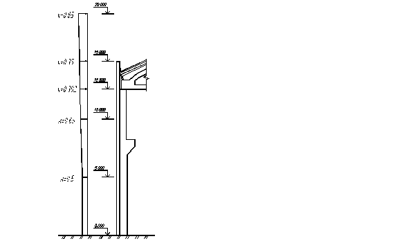 6. Отношение жесткостей соседней колонны 7. Отношение нижней части соседней колонны к нижней части рассматриваемой колонны. Т.к. здание однопролётное, то : 3 строка 8. Эксцентриситет оси верхней части колонны (рис. 3.1): е1 = -0,5(В-А) = -0,5(0,7-0,6) = -0,05м; 9. Эксцентриситет стены е2
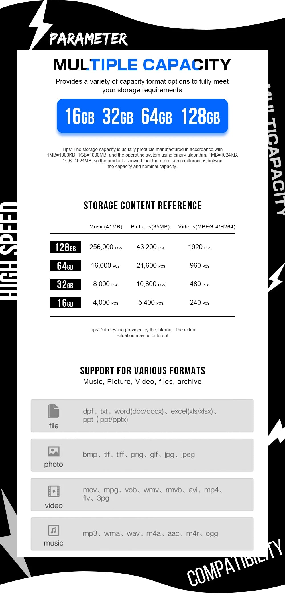 Actual usable capacity varies slightly due to system file formatting and measurement standards:
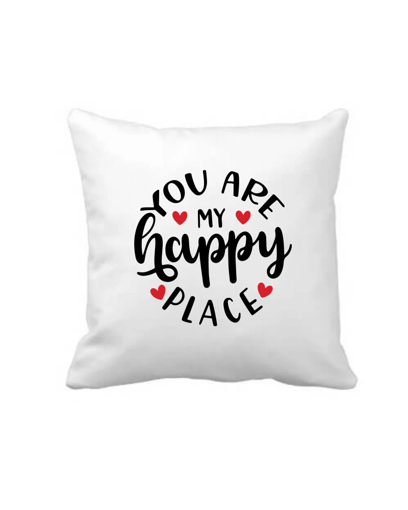 Tags: cushion cover, happy place cushion, home accessory, romantic decor, valentine gift
::::::::
# ASSIGNMENT
A faithful copy of the data above is wanted, with every image left out.

# PROBLEM SOLUTION
 6. Отношение жесткостей соседней колонны 7. Отношение нижней части соседней колонны к нижней части рассматриваемой колонны. Т.к. здание однопролётное, то : 3 строка 8. Эксцентриситет оси верхней части колонны (рис. 3.1): е1 = -0,5(В-А) = -0,5(0,7-0,6) = -0,05м; 9. Эксцентриситет стены е2
 Actual usable capacity varies slightly due to system file formatting and measurement standards:
 Tags: cushion cover, happy place cushion, home accessory, romantic decor, valentine gift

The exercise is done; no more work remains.